Of the system outside the room—Earth and Mars and the Belt—we knew essentially nothing. For us, history had ended on Thoth Station with our experiment on Eros only half-done. Even years after the fact, I would find myself ruminating on some peculiarity of the dataset. I no longer trusted my memory enough to say whether the issues that absorbed my hours were accurate or figments of my somewhat fragile and altered mind.
During my bitterest times, I would lie in a crash couch for days at a time, thinking of Isaac Newton and the way that, by having his mind and his peculiar history, he had refashioned all of human understanding. I had stood on a precipice as great as his and been pulled back against my will. But more often, I was able to ignore such thoughts for weeks, sometimes months, at a time. I took a lover. Alberto Correa. He worked in administration and spent his childhood taking odd jobs at the spaceport complex at Bogotá. He had an advanced degree in political literature, and he said both my names—Paolo and Cortázar—reminded him of authors he had studied. He would talk for hours sometimes about the effects of class systems on poetic forms or Butler-Marxist readings of the action videos of Pilár Eight and Mikki Suhanam. I listened, and I like to think I absorbed some of it. The sound of his voice and the presence of his body were comforting, and the moments we spent together in the hotel were pleasant and calming. He said that if he’d known he would end here, he’d have stayed on Earth and lived on basic. When I pointed out that then he and I wouldn’t have met, he would either agree that I made it worthwhile or else tell me about the beautiful men he had loved in Colombia.
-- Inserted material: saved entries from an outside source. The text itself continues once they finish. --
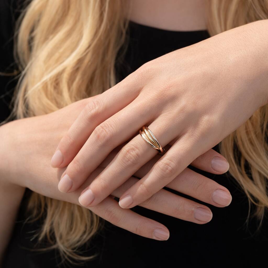 Made from solid 9ct gold throughout, this ring offers lasting quality and a reassuring weight, designed to be worn every day. The smooth, high polish finish enhances the fluid curves of the interlocking bands, allowing the different gold tones to reflect the light beautifully from every angle.
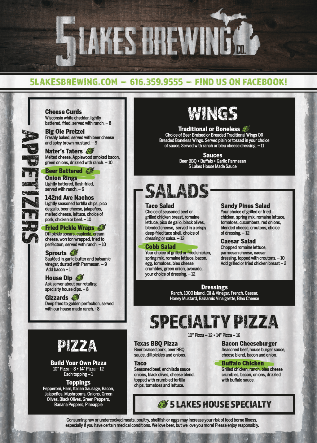 Located in Dorr, MI, 5 Lakes Brewing Co. specializes in brewing a wide variety of beers, distilling and infusing their own vodka, and offers a full menu.
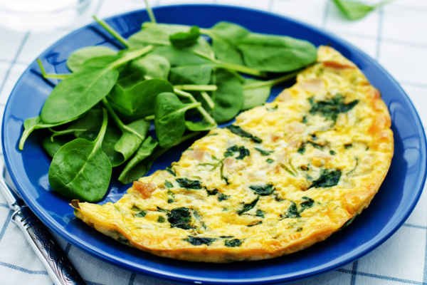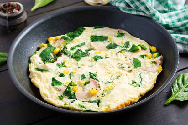 Popeye Omelette is an egg white omelette with turkey, spinach, broccoli, and swiss cheese.

Time, of course, became difficult to track, but I was fairly certain we were into the fourth year in the room when Kanter died. He’d been complaining of feeling ill, then grew agitated and delusional. The guards, seeing all as they did, brought medicine that I suspect was merely a sedative. He died a week later.
It was the first death, and reinforced to us the idea that we would likely never again be free. I watched as the others went through a period of mourning that was less for Kanter than for the lives we’d had and left behind. Not the research group, but the others. Alberto became a much more ardent lover for a time, and then lapsed into a funk in which he barely spoke to me and shied away from my touch. I was patient with him because I found patience easier when there was no alternative.
Day by day, we were ground down. Our experiential worlds narrowed to who was having sex with whom, whether someone’s comment about a fellow inmate was innocuous or provocative, and fighting—sometimes violently—over who among us slept in which of the crash couches. We were petty and cruel, despairing and restless, occasionally humane and even capable of moments of actual if ephemeral beauty. Perhaps all periods of prosperity and calm go unnoticed when they occur. Certainly I didn’t look on those days with any fondness until after the Martian came.
I didn’t see him arrive myself. I was talking with Ernz when it happened, so my introduction to the man was Quintana barking my name. When I turned, the Martian was simply there. He was pale-skinned with nut-brown hair and a bad complexion, and he wore the familiar uniform of the Martian Congressional Republic Navy. Our customary Belter guards flanked him, chins lifted a bit higher than usual. Quintana and Brown stood before them, waving me impatiently to them. I didn’t hesitate. The pull of something new after so much sameness called forth an excitement that left my hands trembling. I plucked at my beard as I strode over, hoping against all reason that it would make me look more respectable. When we stood before the new man, the three of us together, Brown took a little half-step ahead. I stifled the urge to move forward as well, certain that it would end in all of us crowding in on our visitor. I would swallow Brown’s little physical dominance play in order to keep the Martian from leaving.
“This is all of them?” he said. He had a pleasant voice, barely accented with the drawl of the Mariner Valley.
“Bist,” the Belter guard said with a nod. “Nanoinformatic, you wanted. This them.”